__YOUR INSTRUCTIONS__:
Among the lines below, restate word for word only those from the line with "Pakke med ulike" through the line with "- Brushed cotton", with both end lines kept.

__INPUT MATERIAL__:
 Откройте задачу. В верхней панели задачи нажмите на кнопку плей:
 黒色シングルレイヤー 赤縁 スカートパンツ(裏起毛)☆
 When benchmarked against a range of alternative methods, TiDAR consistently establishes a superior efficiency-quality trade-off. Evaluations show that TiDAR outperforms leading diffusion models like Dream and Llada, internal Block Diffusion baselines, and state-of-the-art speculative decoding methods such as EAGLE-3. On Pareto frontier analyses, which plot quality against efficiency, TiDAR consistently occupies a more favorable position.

---

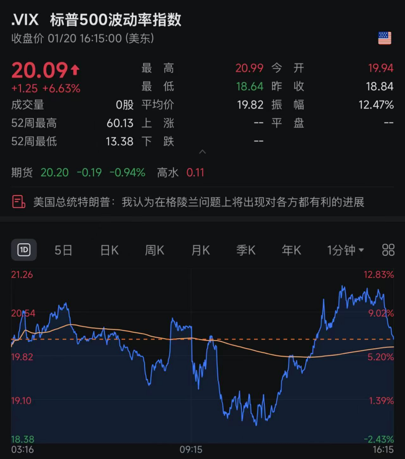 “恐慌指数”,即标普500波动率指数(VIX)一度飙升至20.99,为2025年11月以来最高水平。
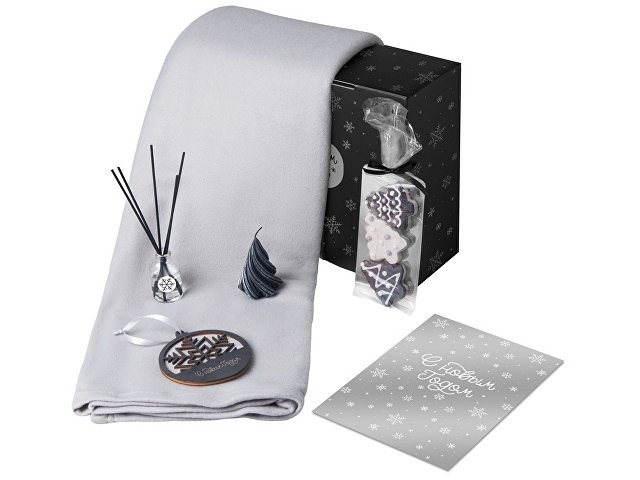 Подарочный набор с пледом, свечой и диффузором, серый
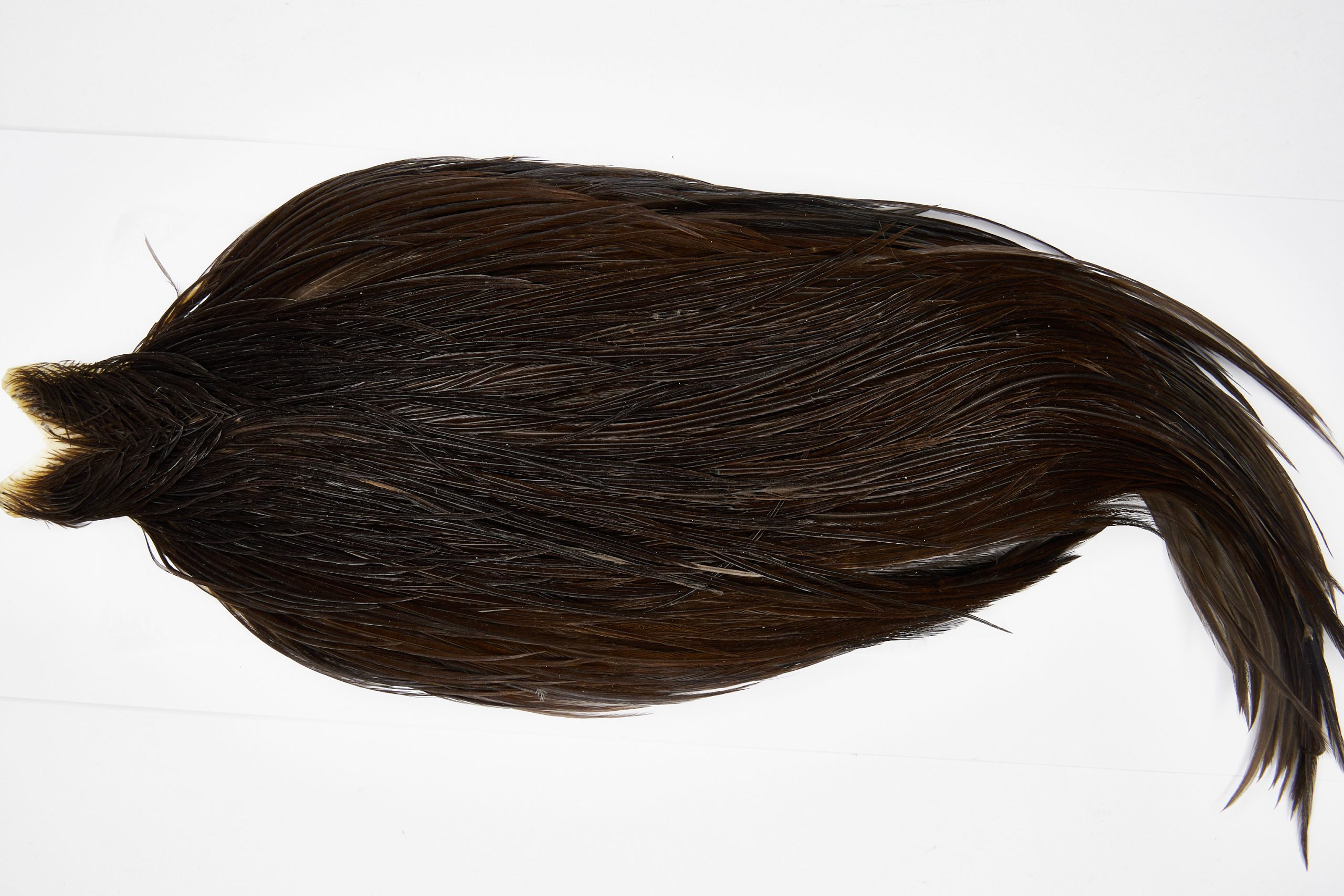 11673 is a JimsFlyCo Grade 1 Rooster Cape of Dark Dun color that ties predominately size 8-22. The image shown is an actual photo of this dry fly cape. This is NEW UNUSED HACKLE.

==

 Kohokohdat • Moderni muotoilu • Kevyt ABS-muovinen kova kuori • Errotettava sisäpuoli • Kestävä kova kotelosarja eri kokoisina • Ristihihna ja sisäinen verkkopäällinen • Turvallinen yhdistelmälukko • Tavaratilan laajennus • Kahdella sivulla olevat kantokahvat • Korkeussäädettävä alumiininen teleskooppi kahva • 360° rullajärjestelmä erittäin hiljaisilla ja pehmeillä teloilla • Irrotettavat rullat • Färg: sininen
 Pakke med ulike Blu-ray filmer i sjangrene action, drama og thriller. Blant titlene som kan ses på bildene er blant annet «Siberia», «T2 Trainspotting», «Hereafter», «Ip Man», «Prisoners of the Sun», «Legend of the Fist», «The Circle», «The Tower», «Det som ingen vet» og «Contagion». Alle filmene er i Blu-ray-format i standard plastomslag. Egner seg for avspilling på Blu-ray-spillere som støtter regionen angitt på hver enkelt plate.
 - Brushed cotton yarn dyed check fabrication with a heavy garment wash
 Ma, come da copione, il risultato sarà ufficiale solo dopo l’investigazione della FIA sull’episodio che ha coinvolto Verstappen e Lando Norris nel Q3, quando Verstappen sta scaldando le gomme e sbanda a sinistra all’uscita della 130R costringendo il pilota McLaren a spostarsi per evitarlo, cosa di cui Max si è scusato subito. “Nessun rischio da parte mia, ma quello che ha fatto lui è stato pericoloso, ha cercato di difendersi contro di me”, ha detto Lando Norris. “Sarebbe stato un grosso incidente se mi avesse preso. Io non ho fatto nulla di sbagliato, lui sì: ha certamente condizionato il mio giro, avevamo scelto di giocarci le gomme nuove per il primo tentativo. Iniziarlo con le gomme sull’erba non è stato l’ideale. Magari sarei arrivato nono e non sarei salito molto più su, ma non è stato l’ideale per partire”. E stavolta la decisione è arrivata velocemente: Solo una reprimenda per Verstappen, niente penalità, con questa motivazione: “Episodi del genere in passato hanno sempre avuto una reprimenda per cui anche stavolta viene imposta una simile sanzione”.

__ANSWER BOX__:
 Pakke med ulike Blu-ray filmer i sjangrene action, drama og thriller. Blant titlene som kan ses på bildene er blant annet «Siberia», «T2 Trainspotting», «Hereafter», «Ip Man», «Prisoners of the Sun», «Legend of the Fist», «The Circle», «The Tower», «Det som ingen vet» og «Contagion». Alle filmene er i Blu-ray-format i standard plastomslag. Egner seg for avspilling på Blu-ray-spillere som støtter regionen angitt på hver enkelt plate.
 - Brushed cotton yarn dyed check fabrication with a heavy garment wash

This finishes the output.